There are three major cash flow activities in each business. These consist of Operating, Financing and Investing. You’ve heard these terms before, but you’re not clear about how they appear in your small business. After all, you don’t have investments and you’re running your business with credit cards and a small line of credit.
This is true for many, or should I say most small businesses. You still have these three cash flow activities and as you grow, it will become critical for you to understand what they look like and how they intertwine. There are two methods of reporting cash flow, the direct method and the indirect method yet they both have the same three cash flow activities.

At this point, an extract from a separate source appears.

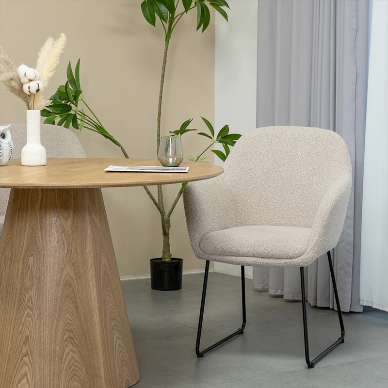 • 【Boucle Fabric Comfort】Crafted from boucle fabric, our boucle dining chair provides a comfortable, durable, and nature-inspired texture. The soft and wear-resistant material enhances the overall quality.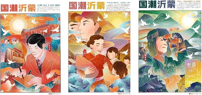 本作品以描绘沂蒙故事为切入点,采用国潮风格的插画形式,将沂蒙精神与现代元素、传统花纹相结合,生动体现沂蒙精神相关人物、事件和精神的内涵,具有良好的传播性。

Cash Flow Activity #1 – Operating Cash Flow
This is the amount of cash that is generated by doing what you do. This is how much cash is generated by making, selling or providing services or products to your customers. These are the activities or accounts that you will find on your Income Statement. Add all the cash you received from your customers, and subtract all your expenses for the month.
Cash Flow Activity #2 – Investing Activities
This is the amount of cash flow generated by your equipment or vehicle purchases, or any buildings or property the business owns. These activities are found in the Asset section of your Balance Sheet. The equipment purchases we are referring to here are considered long-term and will be “on-the-books” for several years. For example, a printer would purchase a high-speed digital color printer that she uses to produce printed products for her clients.
Cash Flow Activity #3 – Financing Activities
This is the amount of cash flow affected by increases and decreases to equity. In other words, how much cash flow is affected by paying down debt or securing a loan from an owner or a lending institution? These activities are found in the Liability and Equity section of your Balance Sheet. In this section, increases and decreases can be a little deceiving if you are looking at it from a “good or bad” perspective.
An example would be securing a loan from a bank which can be perceived as an increase in cash flow (cash flow provided by financing activities) and paying back a loan to a principal which can be perceived as a decrease in cash flow (cash flow used for financing activities).
Looking at the three major cash flow activities, can you spot the transactions in your business that can fit into each of these categories? Did you purchase a vehicle this year? Have you put money into your business this year? Has your customer collections been outpacing your expenses?